DATASET CONTENT:

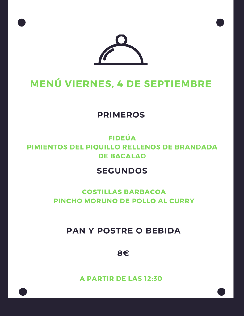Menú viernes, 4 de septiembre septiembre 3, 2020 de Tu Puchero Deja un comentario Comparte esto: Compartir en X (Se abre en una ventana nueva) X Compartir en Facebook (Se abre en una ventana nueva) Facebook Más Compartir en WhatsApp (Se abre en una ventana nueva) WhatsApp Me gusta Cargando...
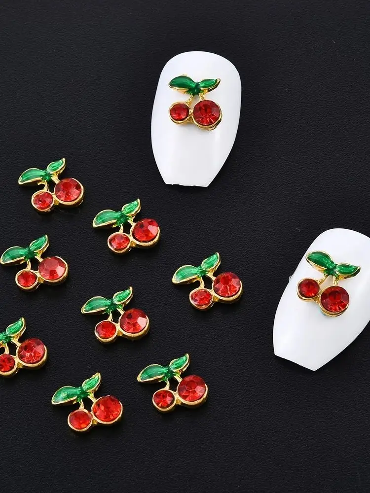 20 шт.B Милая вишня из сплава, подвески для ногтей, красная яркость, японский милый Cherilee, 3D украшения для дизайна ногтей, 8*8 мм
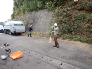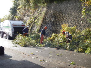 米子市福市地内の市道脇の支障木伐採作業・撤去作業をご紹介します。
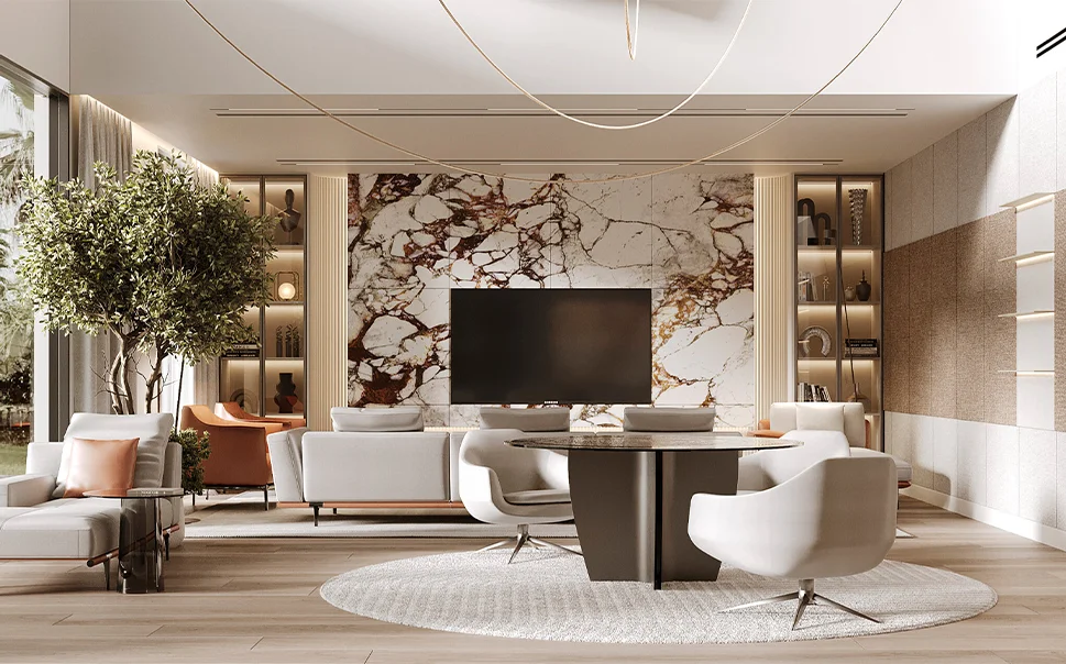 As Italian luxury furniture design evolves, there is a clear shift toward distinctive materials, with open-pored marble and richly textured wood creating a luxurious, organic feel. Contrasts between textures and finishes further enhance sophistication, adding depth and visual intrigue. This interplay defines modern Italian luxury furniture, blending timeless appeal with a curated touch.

TASK INSTRUCTIONS:
Once the line containing "20 шт.B Милая" is found, write it out exactly along with every line after it through the end of the listing, excluding pictures.

TASK ANSWER:
 20 шт.B Милая вишня из сплава, подвески для ногтей, красная яркость, японский милый Cherilee, 3D украшения для дизайна ногтей, 8*8 мм
 米子市福市地内の市道脇の支障木伐採作業・撤去作業をご紹介します。
 As Italian luxury furniture design evolves, there is a clear shift toward distinctive materials, with open-pored marble and richly textured wood creating a luxurious, organic feel. Contrasts between textures and finishes further enhance sophistication, adding depth and visual intrigue. This interplay defines modern Italian luxury furniture, blending timeless appeal with a curated touch.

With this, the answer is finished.